Michael Anthony Davies of Radstock, Somerset, and Nigel Walter of Medstead, Hampshire, have been banned from acting as directors for seven and nine years respectively. The two ex-directors are not allowed to control or manage a company without leave of the court.

CAM entered administration owing £34m to creditors

Connaught Asset Management acted as the asset manager of a number of funds which were sold to the public as investments by independent financial advisers.

The largest fund managed by the company was launched in March 2007 and amassed an investment pool worth £106m. The fund primarily loaned money to a third party, Tiuta International Limited, which would, in turn, make funds available to its clients in the form of residential and commercial bridging loans.

Despite managing this substantial fund, the company was suspended in March 2012. It was subsequently placed into administration owing £34m to creditors in September 2012, before being liquidated in December.

A failure to fulfil their duties to the fund

In the course of the Insolvency Service investigation, it became clear that neither Mr Davies nor Mr Walter ensured CAM carried out its responsibilities in respect to the fund; an allegation the directors did not dispute. Through the neglect of the directors’ duties, Connaught Asset Management failed to:

  • Review the progress of the bridging loans made by Tiuta International Limited in respect to monies borrowed from the fund.
  • Make sure all monies were fully repaid to the fund once the loans were completed and repaid by Tiuta International’s borrowers.

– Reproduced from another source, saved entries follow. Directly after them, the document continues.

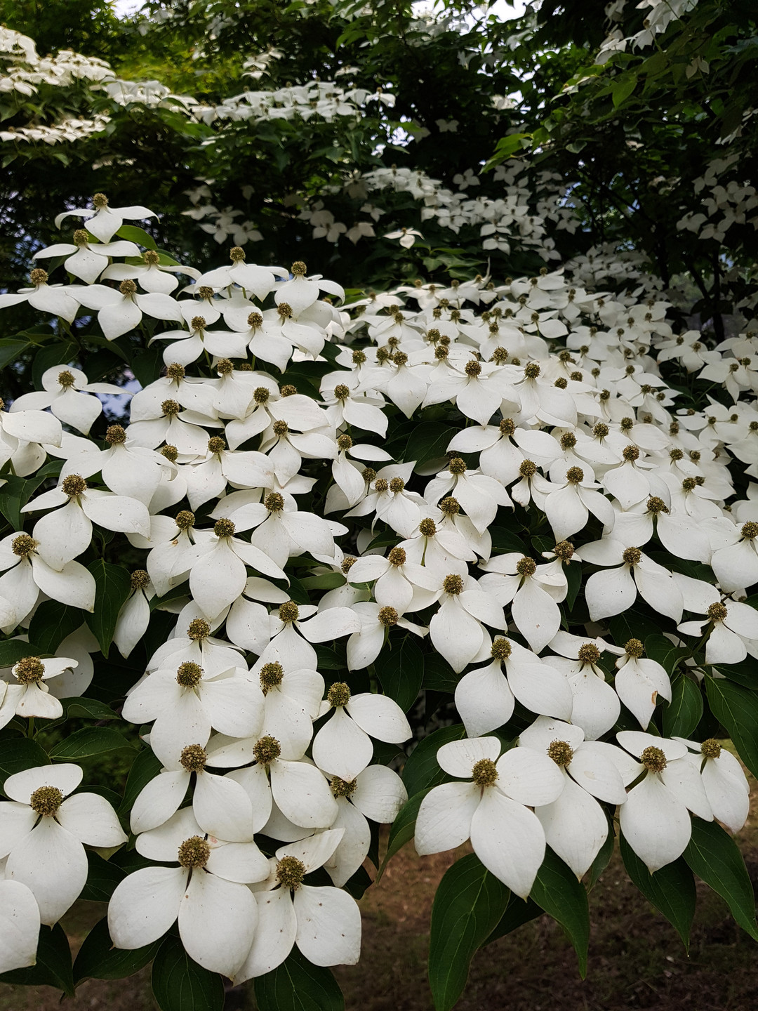 [Smart Senior News=이평재] 우리나라 중부 이남 어디서나 비교적 잘 자라는 낙엽 활엽수이며 6월초, 흰색 순결한 꽃이 매우 아름답다. 예수님의 십자가를 만들었던 나무라도 한다.  넉 장의 꽃잎이 십자가를 닮아서 성스러운 나무로 여기고 있다. 열매는 식용으로 사용한다.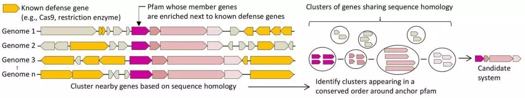 那麼,怎麼通過已知基因發現未知基因呢?研究者們設想,細菌的免疫係統抗擊噬菌體往往不會一個防禦基因(defense gene)單獨行動(比如Cas9或者某個限製性內切酶),而可能是一大堆臨近的基因家族一起行動,這zhe樣yang一yi來lai,已yi知zhi某mou個ge抗kang擊ji噬shi菌jun體ti的de基ji因yin之zhi後hou,在zai這zhe個ge基ji因yin的de周zhou邊bian或huo者zhe離li這zhe個ge基ji因yin不bu遠yuan的de基ji因yin組zu位wei置zhi上shang,也ye必bi定ding存cun在zai其qi他ta的de這zhe個ge基ji因yin家jia族zu相xiang關guan的de防fang禦yu基ji因yin。因yin此ci,隻zhi需xu要yao把ba不bu同tong的de細xi菌jun的de基ji因yin組zu放fang在zai一yi起qi來lai進jin行xing序xu列lie比bi對dui,就jiu能neng發fa現xian序xu列lie同tong源yuan的de基ji因yin,最zui後hou再zai把ba臨lin近jin的de同tong源yuan基ji因yin拚pin接jie起qi來lai,就jiu能neng夠gou組zu裝zhuang成cheng候hou選xuan的de細xi菌jun免mian疫yi係xi統tong了le。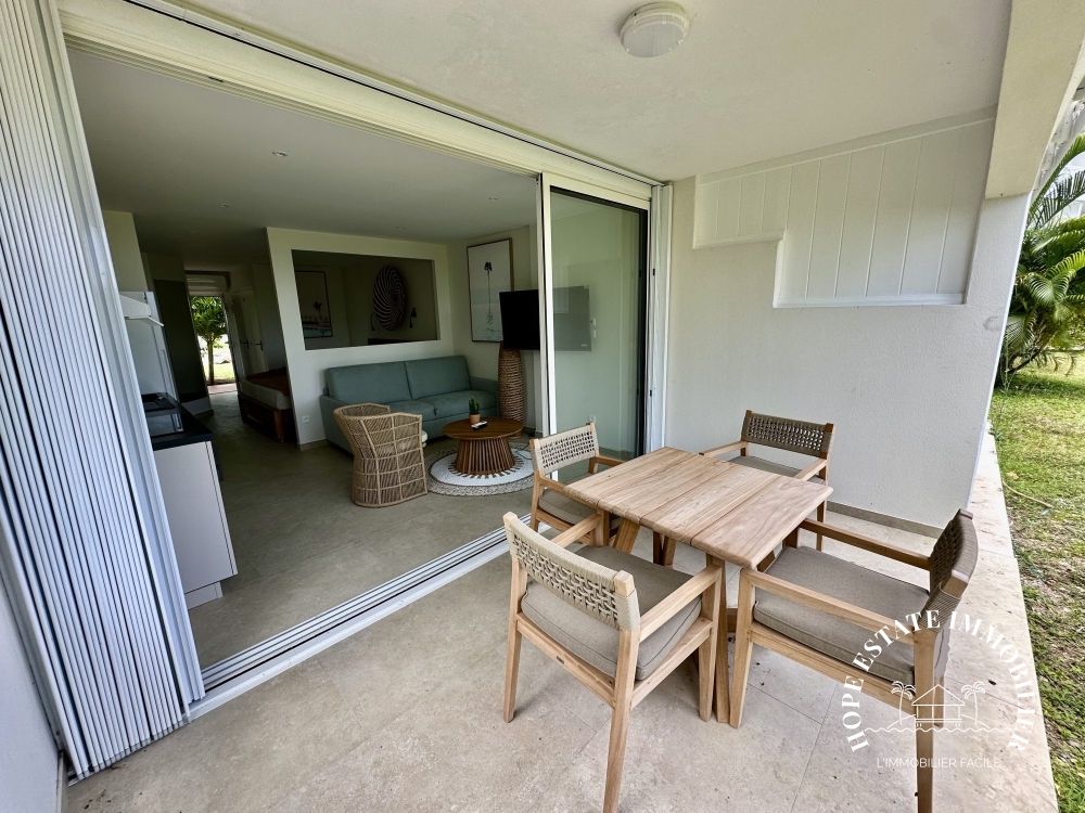 Une agréable terrasse couverte de 10,29 m², idéale pour profiter de la vue sur les jardins tropicaux – et sur la mer pour les appartements à l'étage.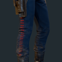 In 3 ABY, Kay Vess, the scoundrel, discovered some blue pants inside a container on the Trailblazer. This EML-850 light freighter had been pilfered from Sliro Barsha's Westhill Palace located in Canto Bight.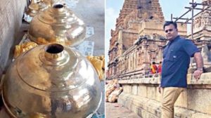 தஞ்சை பெரிய கோயில் கலசத்துக்கு தங்க முலாம் பூசும் திருப்பணிக்காக கோவையைச் சேர்ந்த தொழில்முனைவர் குமார், தனது வீட்டையே அடமானம் வைத்துள்ளார்.
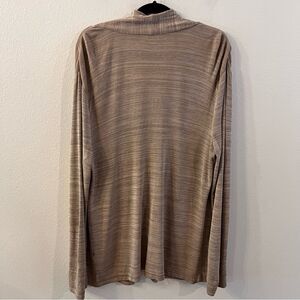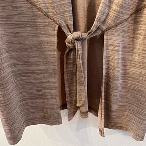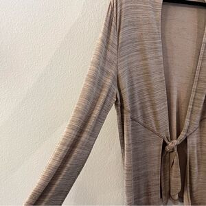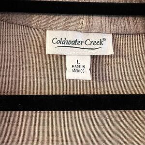 Coldwater Creek Cardigan. Sweater. Travel Knit. Size Large. Tan. Tie Front. 85% acetate 11% nylon 4% spandex. Length from shoulder to bottom is 33”. Armpit to armpit is 22”.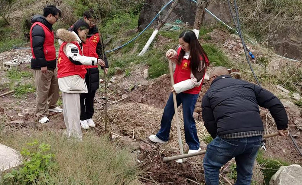活动现场,大家分工明确、干劲十足。有的挥锹挖坑、有的扶苗培土、有的提水浇灌,配合默契。“这路两边种上树,夏天走起来凉快,看着也舒心,咱可得把这些小苗好好栽活!”村民李大姐一边培土一边说道。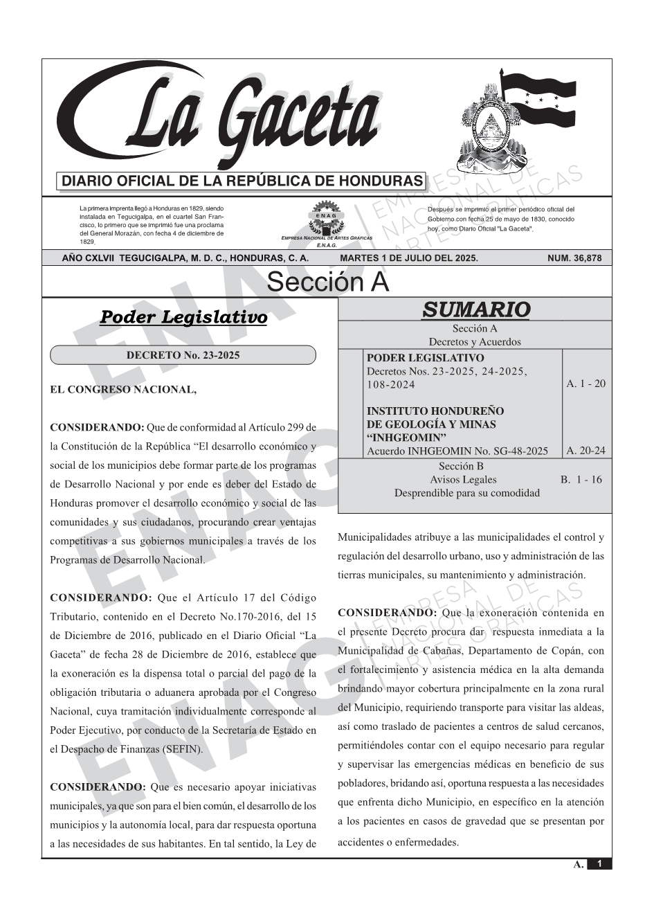 PODER LEGISLATIVODecretos Nos. 23-2025, 24-2025, 108-2024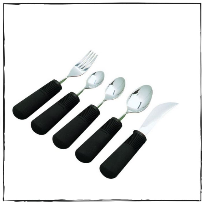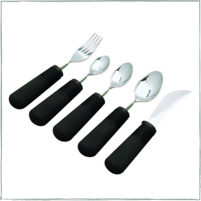 Good Grips Adapted Cutlery is ideal for using when bending the wrist, grasping, or eating motions become difficult. All the cutlery has a soft cushioned grip that helps the user to keep the utensil in their hand. The soft and comfortable handle will adapt to any grip. Each piece has a special twist built into the metal shaft that allows spoons and forks to bend to any angle. They can be used with the left and right hand. The Good Grips Rocker Knife ensures that you need minimal arm strength when cutting.

The directors’ failure to fulfil their responsibilities caused the fund to suffer losses. Despite receiving redemptions from Tiuta’s borrowers, Connaught Asset Management neglected to pass these redemptions onto its investors as it was contractually obliged. The investigation found at least £23m was not repaid to the fund.

Tiuta also retained money drawn from the fund for loans it did not make to its customers, generating a further loss of at least £3.4m.

It was not until March 2011 that Connaught Asset Management became aware of problems with Tiuta’s loan book. Despite uncovering the problem, CAM did not fully establish its true position. Instead, the business continued to allow Tiuta to retain redemptions and hold onto funds when loans were not agreed. In total, the fund lost in excess of £12m during this period.

Substantial losses as a result of its failings

Following the case, a spokesperson for the Insolvency Service Outsourced Investigations team said: “Connaught Asset Management failed to protect the investors in the fund as it should have done and the amounts lost by private investors as a result of its failings were substantial.

“The lengthy bans for the directors responsible for the company’s failings reflect the seriousness of those failings and the robust stance the Insolvency Service will take against those whose conduct falls below accepted commercial standards.”

Nigel Walter and Michael Anthony Davies’ disqualifications commenced on the 24 November 2014 and 4 December 2014 respectively.